PROBLEM TO WORK ON — With pictures excluded, copy word for word the lines in the data below from the line containing "این انگشتر فاخر" through the line containing "Affirmez votre style".

INPUT MATERIAL —
+ + + + + + +

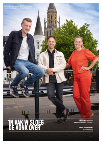 Van links naar rechts: Bas Timmermans, Erwin Grootenboer en Mirjam Fris IN VAK W SLOEG DE VONK OVER’ Tekst Debora Plomp Beeld Vincent van Dordrecht Erwin Grootenboer Jouwfactoring
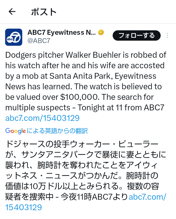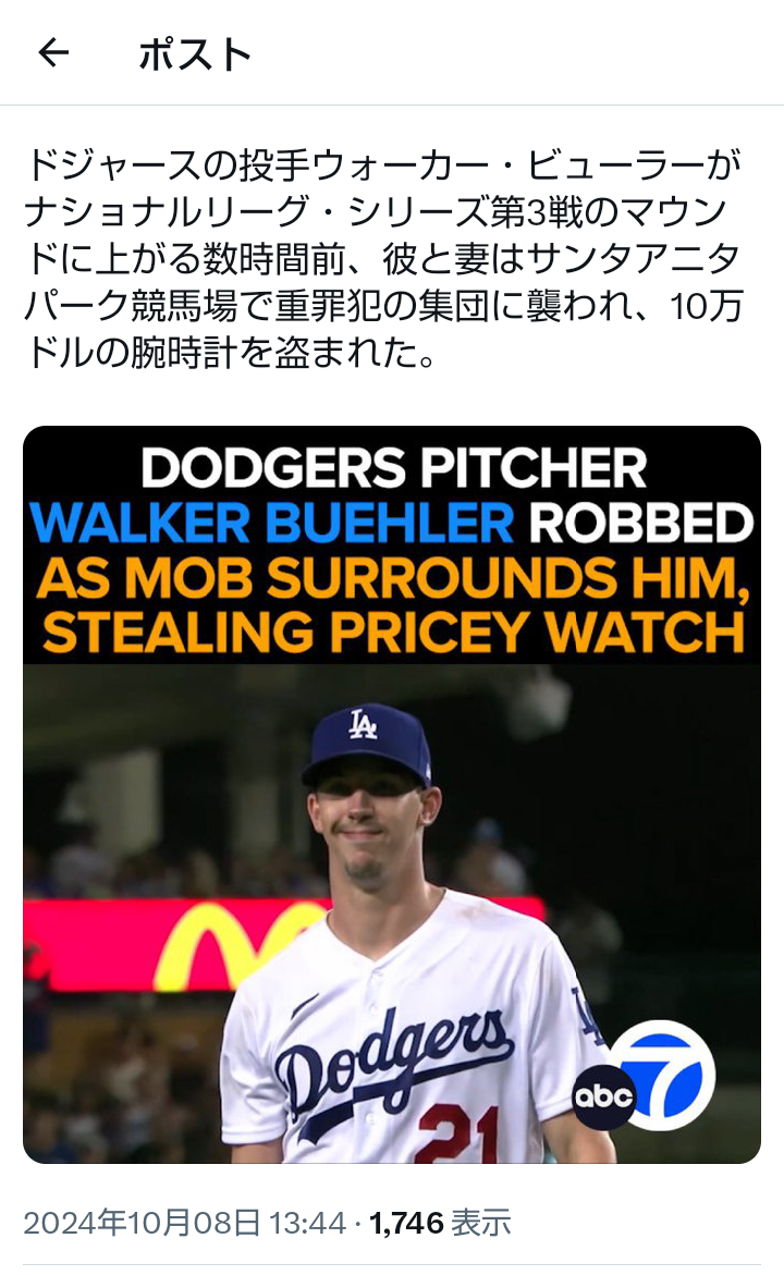 【悲報】ドジャース逝く…明日先発予定のビューラーと妻が窃盗被害…被害総額1400万円超か
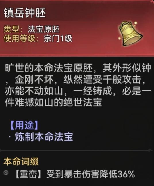 寻找四阶木属性+藤+鳞的遮天盾胚,利用法宝重炼功能达到效果抵抗最大化。
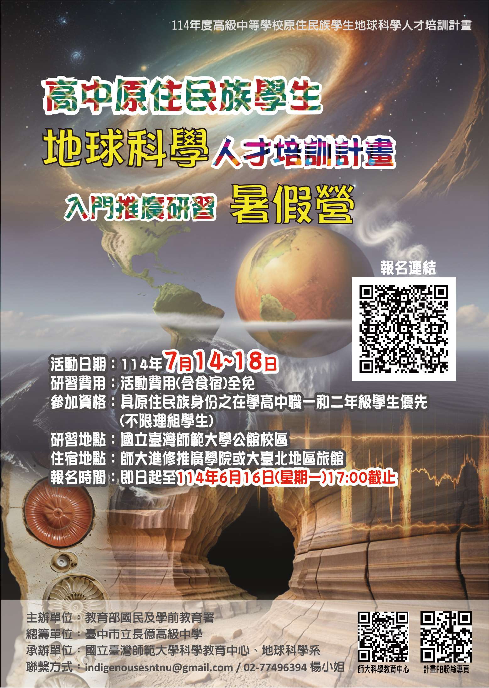 四、本研習參加對象以具原住民族身份之在學高中職一和二年級學生優先(不限理組學生)。
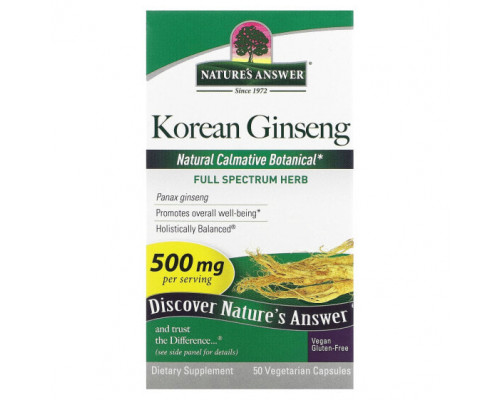 50 шт.Описание добавки Женьшень Nature's Answer, Корейский женьшень, 500 мг, 50 вегетарианских капсул
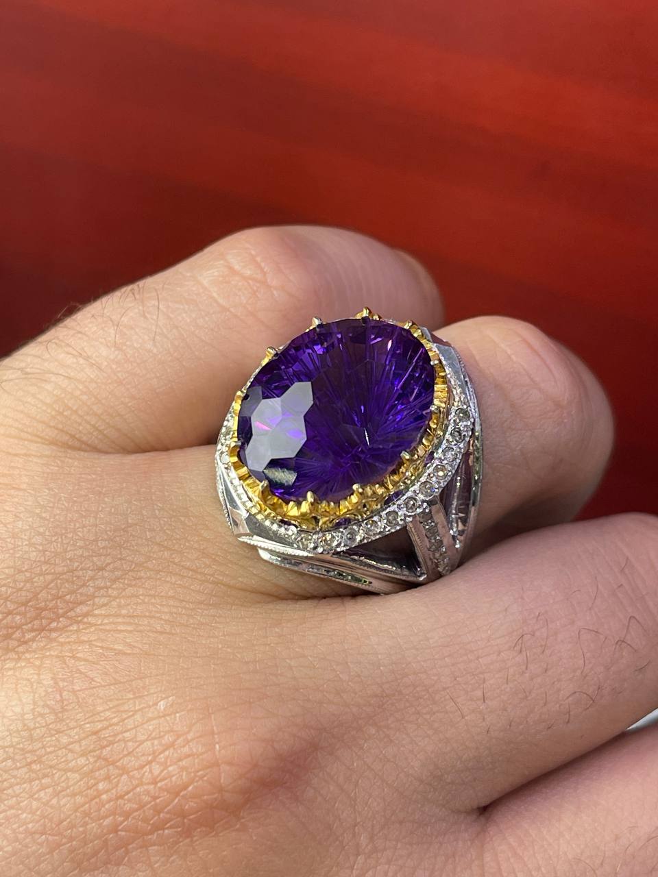 این انگشتر فاخر ساخته شده از بهترین متریال نقره با عیاد ۹۲۵ و با بکارگیری به روزترین و زیبا ترین طرح توسط استادشرفیان است این انگشتر مخراجی شده با برلیان اصل است و سنگ این انگشتر آمیتیس اصل میباشد که از سنگ های جواهراتی بسیار پرطرفدار میباشد و از خواص آن میتوان اشاره کرد به:
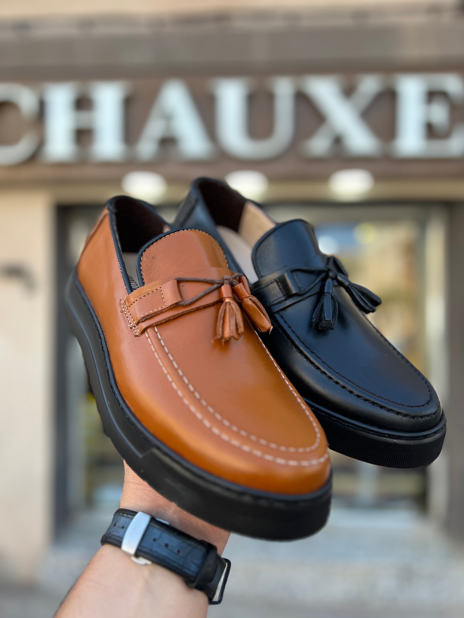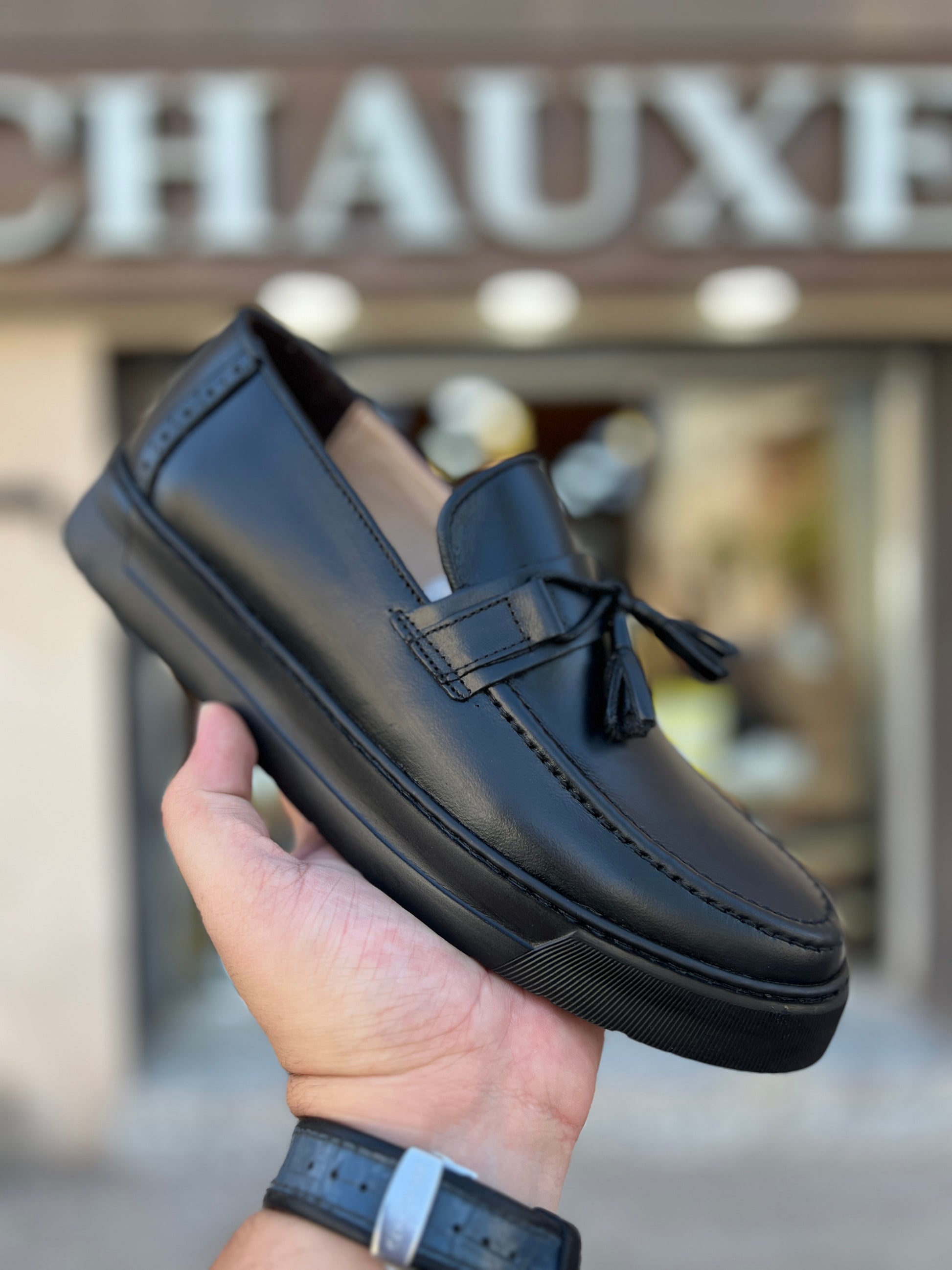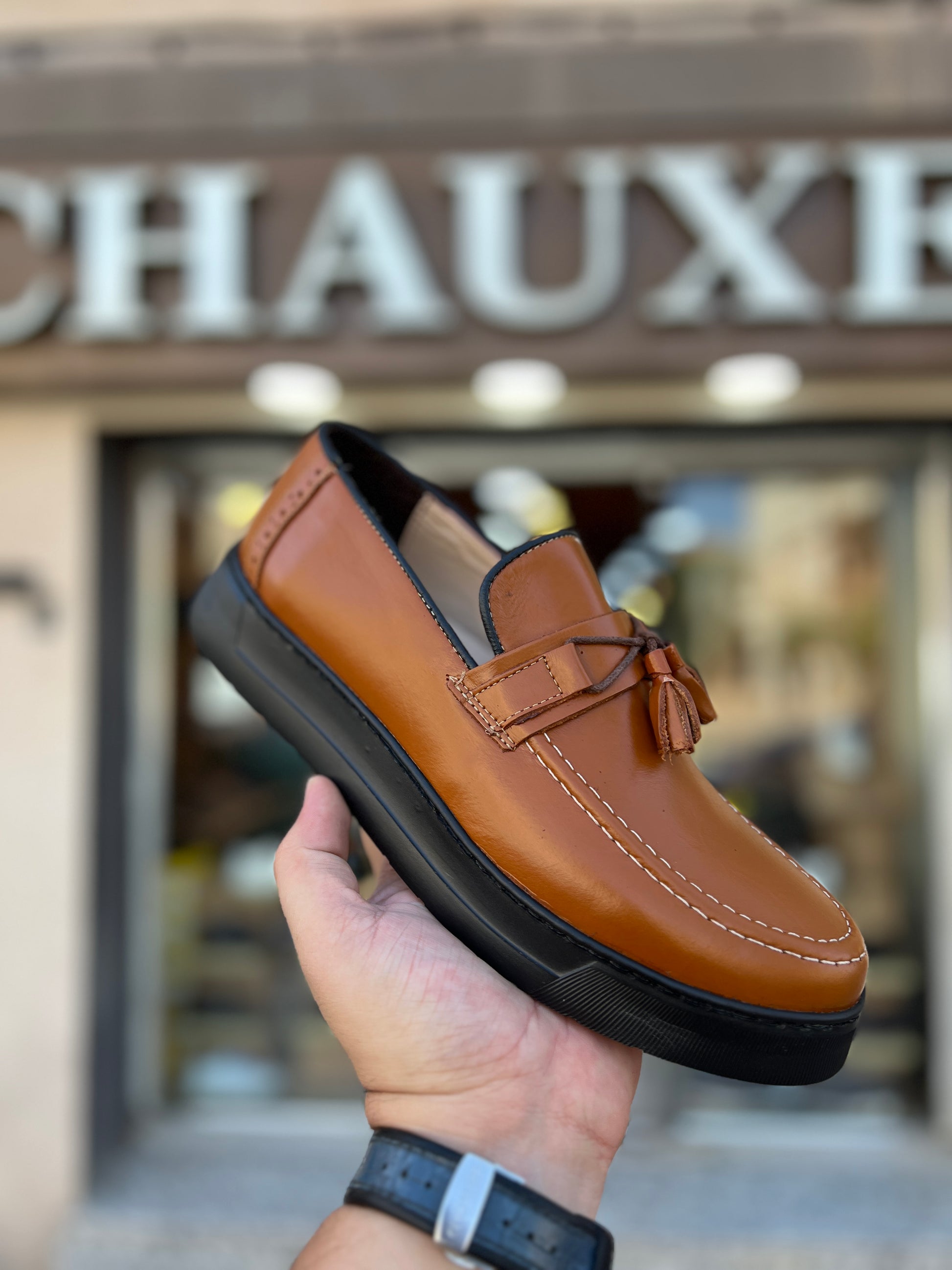 Affirmez votre style avec ce mocassin à pampilles en cuir véritable, alliance parfaite entre élégance artisanale et confort moderne. Confectionné avec soin à partir de cuir premium, il se distingue par sa finition soignée, sa semelle épaisse au design contemporain, et ses détails raffinés tels que les pampilles ton sur ton.
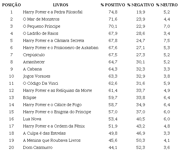 Nesta tabela é possível visualizar que o vigésimo livro (último do Top 20) mais lido pelos usuários da plataforma Skoob, intitulado ‘O mar de Monstros’, foi o segundo livro que mais recebeu sentimentos positivos nas resenhas dos leitores. Já o décimo segundo livro da lista, intitulado ‘O Ladrão de Raios’, foi o quarto livro que mais recebeu sentimentos positivos nas resenhas dos leitores. Isso poderá influenciar um usuário da plataforma que esteja indeciso por qual livro iniciar a leitura ou colocar na sua lista de próximas leituras. Provavelmente esse usuário levará em consideração, quando de sua tomada de decisão, o fato de que ambos os livros, por serem bem avaliados nas resenhas de outros usuários, possam vir a se tornar suas primeiras prioridades de leitura.
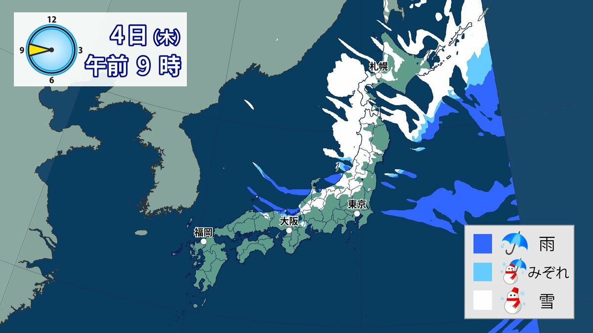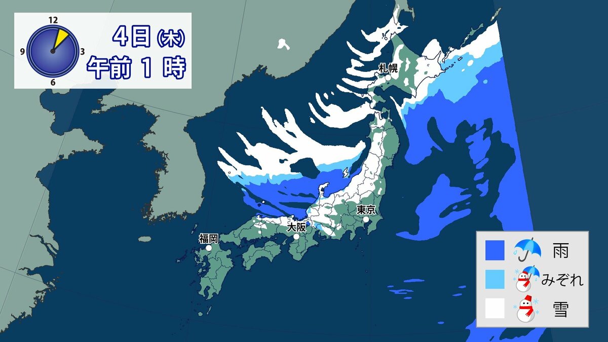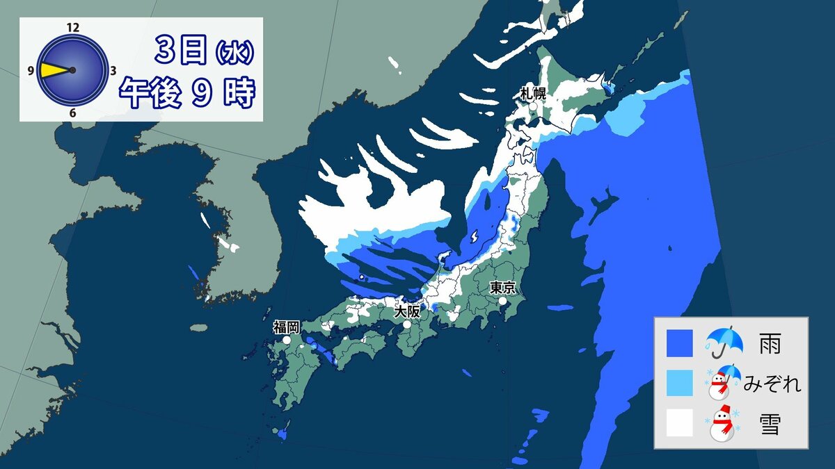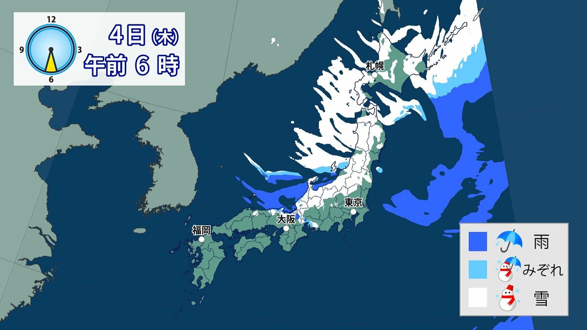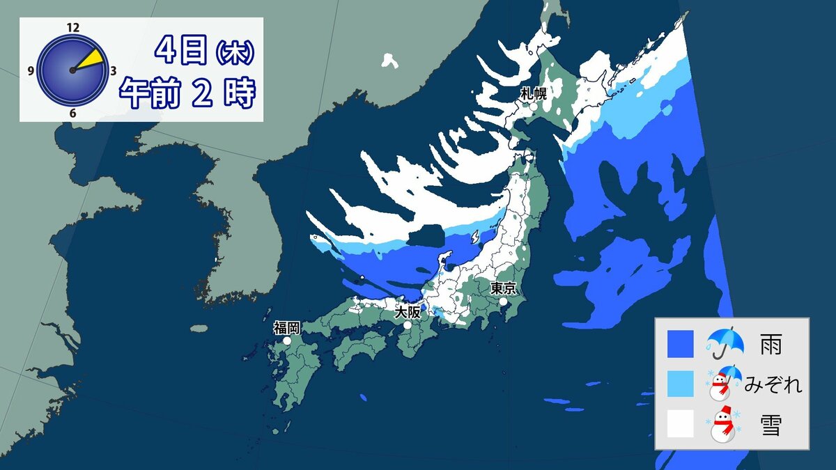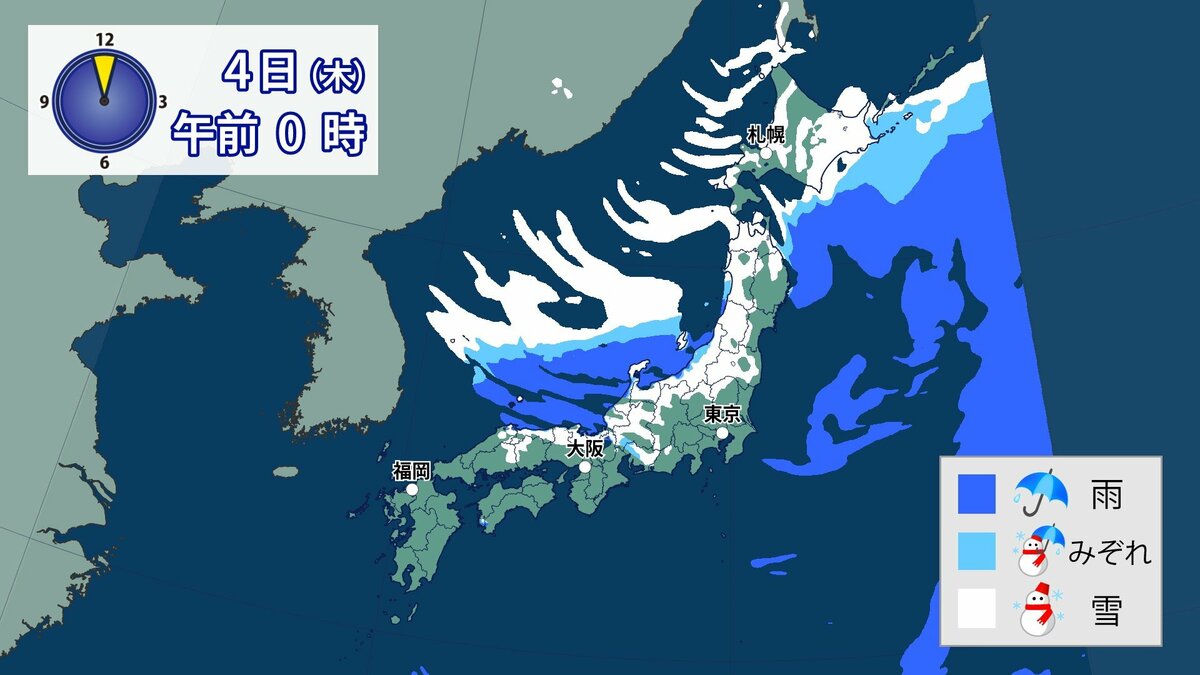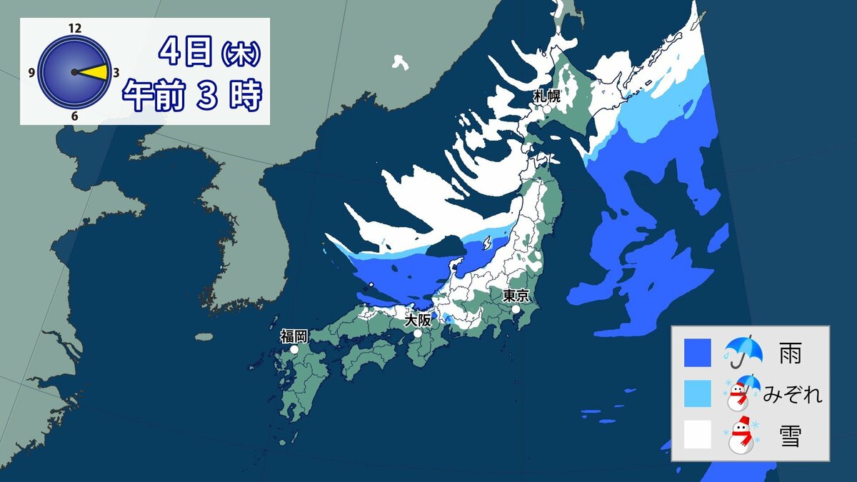 このあと、山地では4日の明け方にかけて雪が積もり、平地でも一部、雪雲が流れ込むところがあるでしょう。

+ + + + + + +

RESULT —
 این انگشتر فاخر ساخته شده از بهترین متریال نقره با عیاد ۹۲۵ و با بکارگیری به روزترین و زیبا ترین طرح توسط استادشرفیان است این انگشتر مخراجی شده با برلیان اصل است و سنگ این انگشتر آمیتیس اصل میباشد که از سنگ های جواهراتی بسیار پرطرفدار میباشد و از خواص آن میتوان اشاره کرد به:
 Affirmez votre style avec ce mocassin à pampilles en cuir véritable, alliance parfaite entre élégance artisanale et confort moderne. Confectionné avec soin à partir de cuir premium, il se distingue par sa finition soignée, sa semelle épaisse au design contemporain, et ses détails raffinés tels que les pampilles ton sur ton.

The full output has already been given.